_Exercise aim_
From top to bottom, write out the listing exactly and skip every picture.

_Dataset extract_

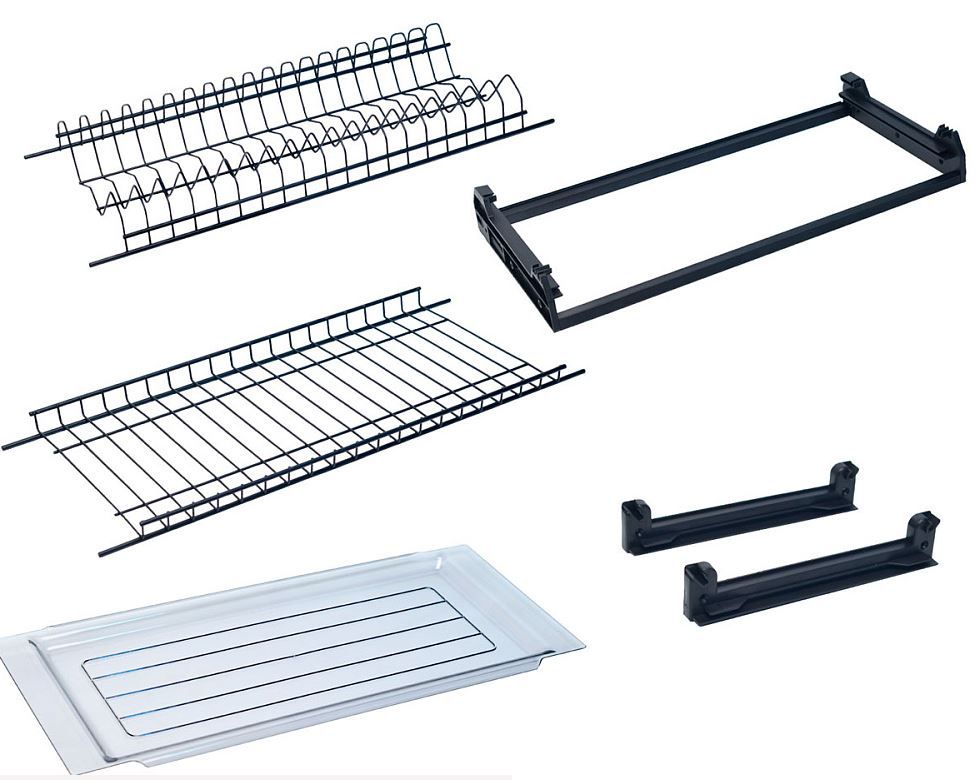 В комплекте: сетка для стаканов, сетка для тарелок, крепление нижнего яруса сушки, пластиковый поддон, комплект креплений верхнего яруса сушки с пазом под поддон.
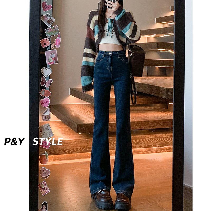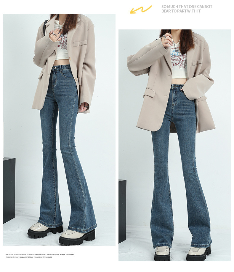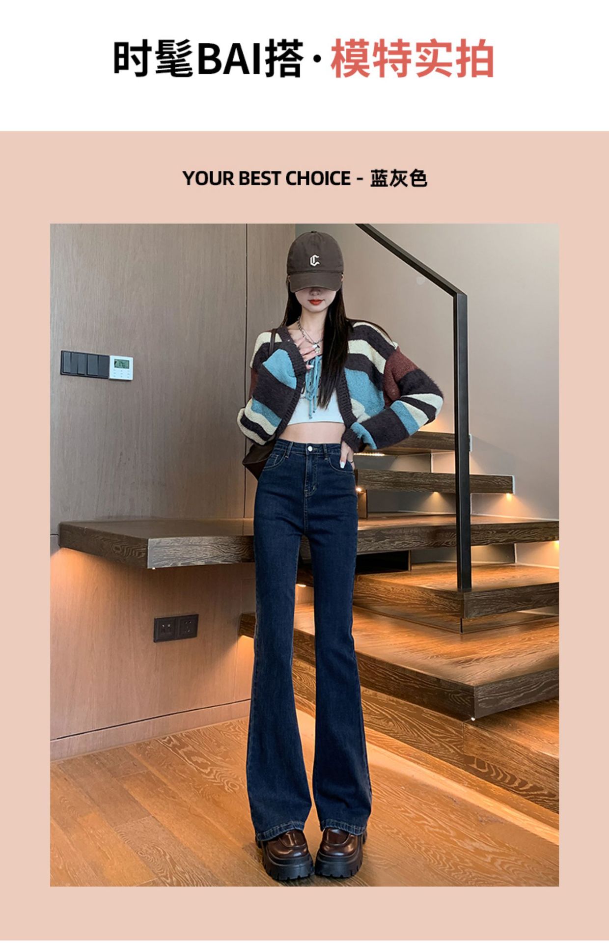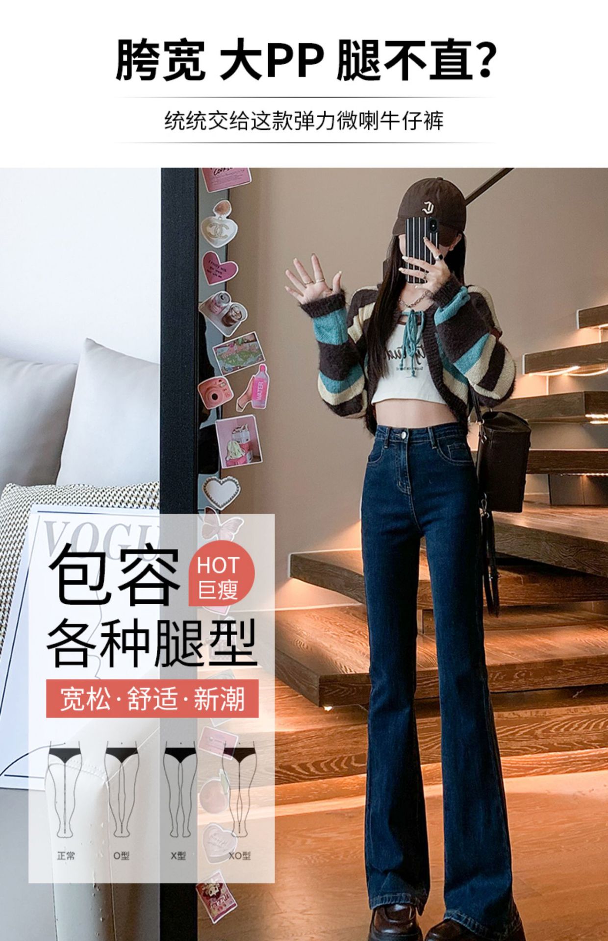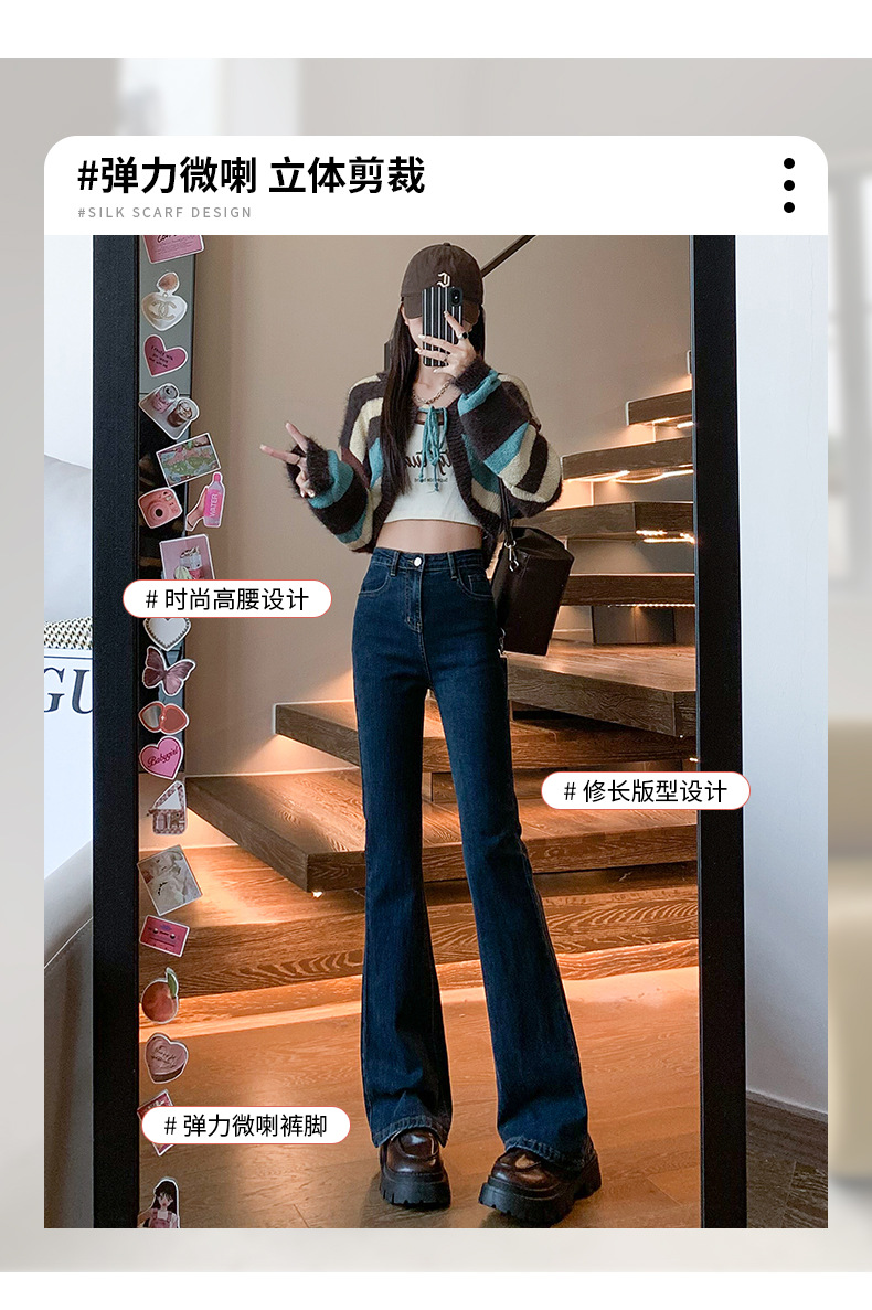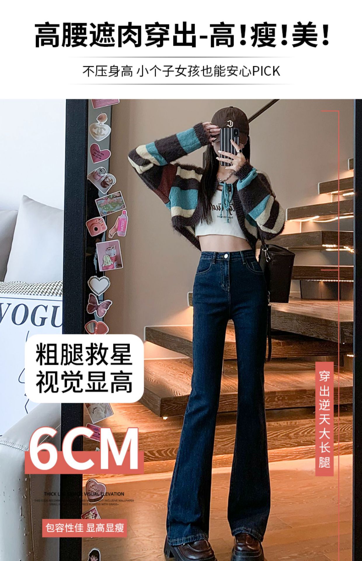 높은 허리 마이크로 플레어 청바지 여성의 2024 년 새로운 가을 및 겨울 슬림 핏 슬리밍 작은 폭발 말굽 걸레 바지스토어 가기
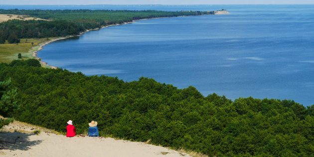 Помимо потрясающе красивого лесного массива, Куршская коса может похвастаться замечательными пляжами: вас встретят белый песок, чистота и отсутствие людей. Купаться можно по обе стороны косы, но стоит взять на заметку, что вода отличается по температуре: в заливе она пресная, поэтому прогревается быстрее, а вот Балтийское море достаточно прохладное. Плавать в нём комфортнее всего в июле — сентябре.

_Answer to the exercise_
 В комплекте: сетка для стаканов, сетка для тарелок, крепление нижнего яруса сушки, пластиковый поддон, комплект креплений верхнего яруса сушки с пазом под поддон.
 높은 허리 마이크로 플레어 청바지 여성의 2024 년 새로운 가을 및 겨울 슬림 핏 슬리밍 작은 폭발 말굽 걸레 바지스토어 가기
 Помимо потрясающе красивого лесного массива, Куршская коса может похвастаться замечательными пляжами: вас встретят белый песок, чистота и отсутствие людей. Купаться можно по обе стороны косы, но стоит взять на заметку, что вода отличается по температуре: в заливе она пресная, поэтому прогревается быстрее, а вот Балтийское море достаточно прохладное. Плавать в нём комфортнее всего в июле — сентябре.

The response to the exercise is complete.